Can Sex Predict the Incidence of Ankylosing Spondylitis in the US Population?

gender spectrum
gender spectrum
Using the Stanford Military Data Repository, researchers determined the incidence of ankylosing spondylitis between men and women.

Contrary to results of a previous study that reported a higher incidence of ankylosing spondylitis (AS) among men, findings from a recent study published in Arthritis Care & Research indicated that the incidence of AS among US military service members were similar between men and women.  

The incidence of AS is not well characterized. The only population-based study to date was conducted in Olmsted County, Minnesota, which indicated that men were 3 times more likely than women to have AS.  

The current study measured the incidence of AS in US Army personnel who underwent annual screenings for chronic back pain between March 2014 and June 2017. Researchers determined AS using the International Classification of Diseases, Ninth Revision (ICD-9) codes through September 2015 and ICD-10 codes for the remainder of the study.

A total of 728,556 individuals were screened for a period of 1,609,639 person-years. The incidence of AS was 27.22 per 100,000 person-years. Women had a slightly higher incidence of AS than men, but the difference was not statistically significant (incidence rate ratio [IRR], 1.16; 95% CI, 0.91-1.49; P =.233). However, the incidence of AS increased with age. Individuals aged 45 years and older were more than 7 times more likely to be diagnosed with AS than those aged younger than 24 years (adjusted odds ratio [aOR], 7.30; 95% CI, 5.17-10.32; P <.001). White US Army personnel had a higher incidence of AS than Black personnel (aOR, 1.39; 95% CI, 1.01-1.66; P =.038).

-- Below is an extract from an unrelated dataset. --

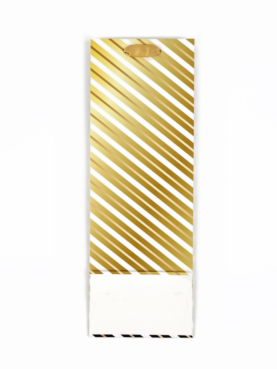 Пакет ламинированный "Золотые полосы", тиснение, глиттер, 12.5 x 8 x 36 см, 8x12.5x36 см., Дарите Счастье, Китай

Limitations of the study included the inability to identify the onset of symptoms of AS and the nonrepresentative population of individuals in the US Army who are relatively younger and fitter.

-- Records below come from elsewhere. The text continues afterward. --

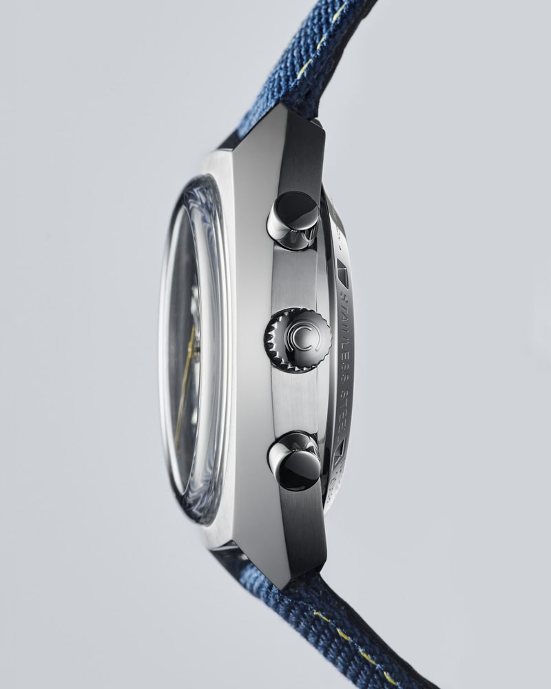 Pouzdro ve tvaru tonneau je vyrobeno z nerezové oceli třídy 316L v pánské velikosti 43,30 mm a utěsněno na 200 metrů. Vodotěsnost do 20 atmosfér vám umožní potápět se s hodinkami na zápěstí bez obav z poškození mechanismu. Hodinky jsou spárovány se světle modrým látkovým řemínkem s bezpečnou a pohodlnou motýlkovou sponou. Řemínek má rychlovýměnný systém bez dalšího nářadí, což každému majiteli usnadní rychlé přizpůsobení časomíry aktuálnímu stylingu. Na pravé straně pouzdra je šroubovací korunka a tlačítka pro ovládání chronografu. Šroubovací korunka je dalším prvkem, který chrání Machineek před vodou, prachem a dalšími hrozbami. Tradičně mají hodinky řady DS patentovaný systém Double Security, což je rozsáhlý bezpečnostní systém konstrukce. Název hodinek mluví sám za sebe: DS-2 jsou připraveny na každou situaci.
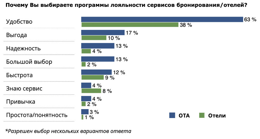 Дополнительным фактором выбора в пользу сервисов бронирования становятся программы лояльности, которыми отели, как правило, располагают реже или реализуют менее масштабно.
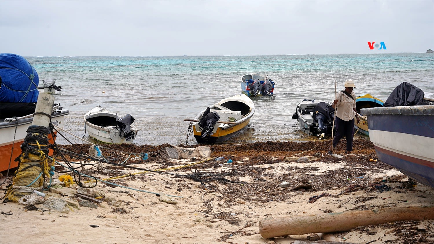 “¡No logramos pescar nada bueno!”, dijo el hombre de 55 años, mientras su bote permanece anclado a poca distancia de la costa.
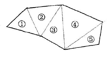 當測區的形狀為矩形時,只需測量長與寬進而求得面積。如果測區的形狀為非矩形的不規則多邊形,需將測區分割成許多三角形,如圖1測量每個三角形的邊長,算出每個三角形的面積,將所有三角形面積累加就得到測區土地的面積。已知三邊計算三角形面積的公式為:S= √ p (p-a)(p-b)(p-C)。(1)其中:a,b為三邊長,p為三角形的半周長。

The researchers concluded, “The incidence of AS in the US has been under-studied and incompletely characterized. Our findings challenge the widely held belief that AS in the US occurs substantially more frequently in [men] than [women]. That conclusion is based on widely accepted conventional wisdom from clinical experience and, in part, on the single incidence study conducted in Olmsted County, Minnesota. Our results derived from a population of adults in the US Army from 2014 to 2017 suggests that the incidence of AS in [men] and [women] is similar. We also found that that the rate of AS remains greater among White [individuals] [compared with] Black [individuals]. We encourage additional investigations utilizing other populations.


Nelson DA, Kaplan RM, Kurina LM, Weisman MH. Incidence of ankylosing spondylitis among male and female United States Army personnel. Arthritis Care Res. Published online August 30, 2021. doi:10.1002/acr.24774.